── Material for this exercise

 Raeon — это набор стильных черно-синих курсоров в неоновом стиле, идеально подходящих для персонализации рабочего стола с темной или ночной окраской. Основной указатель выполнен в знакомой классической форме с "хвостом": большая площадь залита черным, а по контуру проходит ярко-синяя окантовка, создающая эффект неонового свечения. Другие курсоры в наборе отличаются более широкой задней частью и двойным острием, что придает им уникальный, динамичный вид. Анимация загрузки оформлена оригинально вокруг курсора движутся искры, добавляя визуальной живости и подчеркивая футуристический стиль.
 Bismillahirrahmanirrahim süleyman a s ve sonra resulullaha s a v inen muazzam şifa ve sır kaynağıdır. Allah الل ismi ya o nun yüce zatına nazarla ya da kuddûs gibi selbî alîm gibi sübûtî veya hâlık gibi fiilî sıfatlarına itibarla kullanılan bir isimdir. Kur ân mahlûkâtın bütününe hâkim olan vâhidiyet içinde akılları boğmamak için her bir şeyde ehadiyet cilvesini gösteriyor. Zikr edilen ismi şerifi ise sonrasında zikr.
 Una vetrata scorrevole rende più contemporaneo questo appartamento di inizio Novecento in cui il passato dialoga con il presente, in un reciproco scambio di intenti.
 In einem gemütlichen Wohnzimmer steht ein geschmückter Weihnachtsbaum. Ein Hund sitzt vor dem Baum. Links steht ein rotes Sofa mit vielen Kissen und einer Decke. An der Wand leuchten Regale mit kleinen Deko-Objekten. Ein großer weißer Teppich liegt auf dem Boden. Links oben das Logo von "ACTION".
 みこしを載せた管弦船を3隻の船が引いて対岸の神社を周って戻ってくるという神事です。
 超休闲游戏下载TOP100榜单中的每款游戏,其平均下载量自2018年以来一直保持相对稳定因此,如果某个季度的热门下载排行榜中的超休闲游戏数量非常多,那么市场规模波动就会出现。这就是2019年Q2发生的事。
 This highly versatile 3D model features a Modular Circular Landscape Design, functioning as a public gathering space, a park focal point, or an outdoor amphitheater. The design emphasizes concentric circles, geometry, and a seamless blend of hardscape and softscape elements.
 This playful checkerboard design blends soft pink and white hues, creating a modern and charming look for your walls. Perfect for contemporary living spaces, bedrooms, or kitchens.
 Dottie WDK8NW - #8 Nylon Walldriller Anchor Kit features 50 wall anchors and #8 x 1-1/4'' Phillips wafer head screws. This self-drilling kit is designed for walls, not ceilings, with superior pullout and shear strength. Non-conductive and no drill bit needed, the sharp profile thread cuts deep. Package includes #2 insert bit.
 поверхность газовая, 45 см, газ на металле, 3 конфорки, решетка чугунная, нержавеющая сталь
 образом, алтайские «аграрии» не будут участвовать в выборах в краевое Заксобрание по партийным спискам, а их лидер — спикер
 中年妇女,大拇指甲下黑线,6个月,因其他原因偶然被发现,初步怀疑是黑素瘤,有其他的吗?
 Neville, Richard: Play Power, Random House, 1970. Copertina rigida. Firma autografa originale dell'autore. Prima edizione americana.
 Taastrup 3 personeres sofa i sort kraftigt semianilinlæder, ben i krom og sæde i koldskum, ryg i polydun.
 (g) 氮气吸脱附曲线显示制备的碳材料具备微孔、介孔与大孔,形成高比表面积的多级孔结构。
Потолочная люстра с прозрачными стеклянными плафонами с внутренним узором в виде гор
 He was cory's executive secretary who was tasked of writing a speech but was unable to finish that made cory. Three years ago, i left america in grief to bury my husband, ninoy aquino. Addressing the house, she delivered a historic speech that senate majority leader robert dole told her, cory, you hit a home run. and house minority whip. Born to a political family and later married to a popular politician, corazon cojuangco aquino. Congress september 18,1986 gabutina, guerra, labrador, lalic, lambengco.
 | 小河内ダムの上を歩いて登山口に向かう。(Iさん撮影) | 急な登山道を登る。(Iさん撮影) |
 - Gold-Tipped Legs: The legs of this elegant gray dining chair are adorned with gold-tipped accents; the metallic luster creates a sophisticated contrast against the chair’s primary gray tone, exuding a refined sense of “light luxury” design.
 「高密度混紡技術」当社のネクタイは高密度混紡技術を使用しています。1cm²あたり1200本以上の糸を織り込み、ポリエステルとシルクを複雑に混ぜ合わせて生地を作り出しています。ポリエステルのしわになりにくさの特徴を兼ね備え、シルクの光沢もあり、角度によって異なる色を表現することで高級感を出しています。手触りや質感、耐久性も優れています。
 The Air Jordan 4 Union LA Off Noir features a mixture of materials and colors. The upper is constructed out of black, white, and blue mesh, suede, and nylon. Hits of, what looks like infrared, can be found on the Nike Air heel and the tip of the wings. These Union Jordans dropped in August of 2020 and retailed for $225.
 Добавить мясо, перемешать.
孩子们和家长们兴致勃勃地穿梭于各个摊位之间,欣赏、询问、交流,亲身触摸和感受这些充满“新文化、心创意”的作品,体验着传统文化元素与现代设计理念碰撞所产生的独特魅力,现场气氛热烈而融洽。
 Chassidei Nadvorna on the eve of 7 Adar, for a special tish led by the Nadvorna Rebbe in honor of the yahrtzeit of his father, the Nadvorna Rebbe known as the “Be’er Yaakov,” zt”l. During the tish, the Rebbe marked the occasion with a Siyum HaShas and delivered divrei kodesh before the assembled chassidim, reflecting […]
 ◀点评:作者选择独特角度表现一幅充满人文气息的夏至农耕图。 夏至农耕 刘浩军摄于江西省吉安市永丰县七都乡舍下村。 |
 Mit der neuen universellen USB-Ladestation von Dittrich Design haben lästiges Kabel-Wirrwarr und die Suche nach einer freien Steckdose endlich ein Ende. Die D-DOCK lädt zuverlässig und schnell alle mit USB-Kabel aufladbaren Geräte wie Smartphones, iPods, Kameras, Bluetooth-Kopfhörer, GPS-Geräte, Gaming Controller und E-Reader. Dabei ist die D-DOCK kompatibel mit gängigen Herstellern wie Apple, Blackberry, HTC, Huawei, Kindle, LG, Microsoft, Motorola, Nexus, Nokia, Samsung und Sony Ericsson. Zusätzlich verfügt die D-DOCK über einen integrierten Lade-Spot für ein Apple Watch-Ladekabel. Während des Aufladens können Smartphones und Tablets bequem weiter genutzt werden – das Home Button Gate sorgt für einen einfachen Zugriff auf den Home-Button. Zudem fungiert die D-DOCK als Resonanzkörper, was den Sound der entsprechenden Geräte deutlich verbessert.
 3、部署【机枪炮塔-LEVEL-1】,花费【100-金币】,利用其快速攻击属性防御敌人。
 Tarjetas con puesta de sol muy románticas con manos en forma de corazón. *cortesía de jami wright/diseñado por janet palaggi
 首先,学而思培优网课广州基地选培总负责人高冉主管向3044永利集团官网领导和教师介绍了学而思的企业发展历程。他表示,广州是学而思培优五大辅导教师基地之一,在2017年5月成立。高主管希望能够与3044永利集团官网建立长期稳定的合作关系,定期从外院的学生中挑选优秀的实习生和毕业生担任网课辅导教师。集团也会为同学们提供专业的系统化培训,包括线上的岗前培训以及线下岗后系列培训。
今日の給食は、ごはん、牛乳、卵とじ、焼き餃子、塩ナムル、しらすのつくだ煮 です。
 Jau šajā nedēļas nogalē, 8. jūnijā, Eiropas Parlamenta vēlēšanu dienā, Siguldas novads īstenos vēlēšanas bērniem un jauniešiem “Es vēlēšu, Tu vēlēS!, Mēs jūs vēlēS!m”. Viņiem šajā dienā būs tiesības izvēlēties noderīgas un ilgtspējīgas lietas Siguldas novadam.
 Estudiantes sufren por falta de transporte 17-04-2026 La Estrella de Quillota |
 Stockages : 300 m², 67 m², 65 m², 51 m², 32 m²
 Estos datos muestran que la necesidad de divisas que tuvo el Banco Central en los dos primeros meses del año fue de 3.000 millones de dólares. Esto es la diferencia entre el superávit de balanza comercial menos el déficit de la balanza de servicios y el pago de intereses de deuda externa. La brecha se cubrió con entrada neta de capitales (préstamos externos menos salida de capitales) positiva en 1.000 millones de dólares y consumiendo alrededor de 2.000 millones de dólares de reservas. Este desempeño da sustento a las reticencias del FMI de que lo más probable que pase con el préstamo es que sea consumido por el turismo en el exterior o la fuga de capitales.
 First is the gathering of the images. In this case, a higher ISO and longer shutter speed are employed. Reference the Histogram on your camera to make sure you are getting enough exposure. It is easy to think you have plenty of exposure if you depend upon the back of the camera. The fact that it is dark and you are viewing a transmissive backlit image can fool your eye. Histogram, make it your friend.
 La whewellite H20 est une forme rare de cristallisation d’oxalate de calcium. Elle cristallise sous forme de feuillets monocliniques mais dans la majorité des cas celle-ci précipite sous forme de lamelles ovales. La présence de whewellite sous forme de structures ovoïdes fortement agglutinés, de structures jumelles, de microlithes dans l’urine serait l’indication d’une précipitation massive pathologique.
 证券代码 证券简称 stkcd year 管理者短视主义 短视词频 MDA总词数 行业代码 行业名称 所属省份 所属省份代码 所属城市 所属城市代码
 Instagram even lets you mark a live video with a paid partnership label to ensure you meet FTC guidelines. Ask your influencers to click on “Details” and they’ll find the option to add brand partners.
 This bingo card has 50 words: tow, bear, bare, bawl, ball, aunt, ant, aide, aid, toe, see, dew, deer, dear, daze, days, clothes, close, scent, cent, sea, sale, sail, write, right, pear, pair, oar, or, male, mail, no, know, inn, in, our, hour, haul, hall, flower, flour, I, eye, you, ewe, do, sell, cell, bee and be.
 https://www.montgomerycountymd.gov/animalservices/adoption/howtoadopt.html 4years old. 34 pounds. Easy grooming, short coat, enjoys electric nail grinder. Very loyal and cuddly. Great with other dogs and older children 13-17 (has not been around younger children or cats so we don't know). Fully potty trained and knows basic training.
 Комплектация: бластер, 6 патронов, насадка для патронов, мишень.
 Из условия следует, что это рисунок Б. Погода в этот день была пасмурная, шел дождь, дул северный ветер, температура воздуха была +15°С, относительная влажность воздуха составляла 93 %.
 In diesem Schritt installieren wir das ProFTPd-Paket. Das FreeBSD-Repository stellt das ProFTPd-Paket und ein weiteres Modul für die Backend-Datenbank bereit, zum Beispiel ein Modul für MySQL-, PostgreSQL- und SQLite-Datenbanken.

────

• **Problem description**:
Of the entries above, transcribe exactly those lines that fall between the line containing "首先,学而思培优网课广州基地" and the line containing "Estos datos muestran", together with those two lines.

• **Output below**:
 首先,学而思培优网课广州基地选培总负责人高冉主管向3044永利集团官网领导和教师介绍了学而思的企业发展历程。他表示,广州是学而思培优五大辅导教师基地之一,在2017年5月成立。高主管希望能够与3044永利集团官网建立长期稳定的合作关系,定期从外院的学生中挑选优秀的实习生和毕业生担任网课辅导教师。集团也会为同学们提供专业的系统化培训,包括线上的岗前培训以及线下岗后系列培训。
今日の給食は、ごはん、牛乳、卵とじ、焼き餃子、塩ナムル、しらすのつくだ煮 です。
 Jau šajā nedēļas nogalē, 8. jūnijā, Eiropas Parlamenta vēlēšanu dienā, Siguldas novads īstenos vēlēšanas bērniem un jauniešiem “Es vēlēšu, Tu vēlēS!, Mēs jūs vēlēS!m”. Viņiem šajā dienā būs tiesības izvēlēties noderīgas un ilgtspējīgas lietas Siguldas novadam.
 Estudiantes sufren por falta de transporte 17-04-2026 La Estrella de Quillota |
 Stockages : 300 m², 67 m², 65 m², 51 m², 32 m²
 Estos datos muestran que la necesidad de divisas que tuvo el Banco Central en los dos primeros meses del año fue de 3.000 millones de dólares. Esto es la diferencia entre el superávit de balanza comercial menos el déficit de la balanza de servicios y el pago de intereses de deuda externa. La brecha se cubrió con entrada neta de capitales (préstamos externos menos salida de capitales) positiva en 1.000 millones de dólares y consumiendo alrededor de 2.000 millones de dólares de reservas. Este desempeño da sustento a las reticencias del FMI de que lo más probable que pase con el préstamo es que sea consumido por el turismo en el exterior o la fuga de capitales.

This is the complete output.